May: Hamlet. Kowalski wins a major job: redoing Yankees stadium– so Dad is depressed for a while. Holling’s sister leaves for California, but gets stranded in Minnesota when she leaves her jerk boyfriend. She calls Holling, who wires her money to get to New York. Mr. Hoodhood refuses to pick her up, because they can’t drop everything to pick her up! Kowalski happens to be driving into the city, and Mrs. Hoodhood gives Holling money to pick up Heather and get a train home. About Hamlet: Maybe no one told him that he didn’t need to find himself. He just needed to let himself be found. Lt. Baker, who was MIA, sends a telegram.
June: Much Ado about Nothing, which they decide comedy is about choosing a happy ending. They attend Danny’s bar mitzvah. Mr. Hoodhood makes a snide comment about being glad Holling didn’t have to chant at everyone, and Holling corrects him and says it’s about becoming a man, and they argue about the meaning of becoming a man. Holling, thinking of the recent loss of Bobby Kennedy, says he’ll let dad know when he knows who he is. This gets a slammed door on Dad’s part, a blown kiss on Mom’s part, and a huge smile on Heather’s part. Lt. Baker returns.

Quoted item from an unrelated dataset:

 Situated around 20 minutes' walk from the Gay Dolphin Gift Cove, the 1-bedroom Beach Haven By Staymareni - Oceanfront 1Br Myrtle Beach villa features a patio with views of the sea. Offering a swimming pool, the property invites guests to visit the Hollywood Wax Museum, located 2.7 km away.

- Whenever I think of the Hoodhoods, I think of The Wonder Years,without the middle brother Wayne. Except good gracious, the parents (especially the dad) were jerks. The mom seemed like her hands were tied, but the dad was just– augh! Holling sees the family falling apart at the seams, despite the fact that they “look” perfect. The fact that they don’t show up to the play hurts me, and the fact that they let Holling’s teacher hang out in the hospital waiting room and they don’t show up at all? Crappy.

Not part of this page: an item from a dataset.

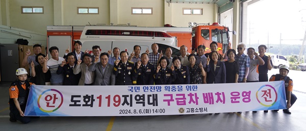 고흥소방서(서장 서승호)는 6일 송형곤 ․ 박선준 도의원을 비롯한 군의원, 기관단체장, 이장단 등 70여 명이 참석한 가운데 도화119구급차 배치 ․ 운영 행사를 치뤘다고 밝혔다.

- Also, they don’t use Heather’s name until after she returns. (The parents still may not, but Holling does.)
- What were those rats? ROUSes? Everyone was acting as though they were on a killing rampage.

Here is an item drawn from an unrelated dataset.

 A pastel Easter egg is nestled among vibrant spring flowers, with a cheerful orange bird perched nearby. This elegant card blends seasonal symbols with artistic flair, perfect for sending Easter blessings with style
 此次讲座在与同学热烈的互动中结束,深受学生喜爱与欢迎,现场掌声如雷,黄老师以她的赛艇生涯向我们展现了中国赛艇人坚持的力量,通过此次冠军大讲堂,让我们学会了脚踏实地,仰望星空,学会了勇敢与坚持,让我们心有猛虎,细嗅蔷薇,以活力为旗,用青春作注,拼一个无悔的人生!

- One really impressive thing about the book was how they handled the war and the interactions with a Vietnamese student, Mai Thi. She’s accepted in Holling’s class, but outside she’s a target for people who have lost loved ones in the war. The “cafeteria lady’s” husband was killed, and she was angry, especially at Mai Thi. She turned around when she saw Mai Thi cry at being bullied, and made a Vietnamese treat for the class, apologizes, and they end up becoming super-close. I’m sure Mrs. Baker encouraged it, but wow. Amazing.
- Also amazing, how insightful and how wonderful Mrs. Baker simply was. She knew how to make everyone’s day, but she was intimidating as all get out. Despite Holling’s initial belief that she hated him, it was definitely interesting to watch him realize that she wanted the best for him. And, hello, she drove him to the hospital and waited when his friggin’ parents were at home. Wow.
- Inspirational Real-life Teacher Alert! Recently watched The Hobart Shakespeareans. Rafe Esquith had fifth grade immigrants performing Hamlet, reading To Kill a Mockingbird, etc. Um, 1-LOVE, 2-should I re-evaluate my “grades” system?
- I loved how the Shakespeare coordinated with all the chapter’s events, which I’m sure was the point. And it totally makes me ashamed that I didn’t read more Shakespeare.
- I LOVE Gary Schmidt. My senior year of college, I went to the Faith and Writing Conference at Calvin College. I’d never heard of him before, but since Schmidt teaches at Calvin, he held a lecture about using funny life experiences as inspiration for stories in novels. He’s engaging, thoughtful, and funny, with two Newbery Honors to boot, including one for The Wednesday Wars. If I knew then what I knew now… I’d at least have gotten a signed book or something…
Grades: Maybe 6-8? Knowing a little Shakespeare helps, but I don’t think it’s crucial. Maybe Rafe’s students would love it. I like that there’s a “lesson” that Holling applies after each play.
Grade: Are you kidding? A! It was a good book, a great blend of comedy and tragedy, and 1967-68? Perfect setting!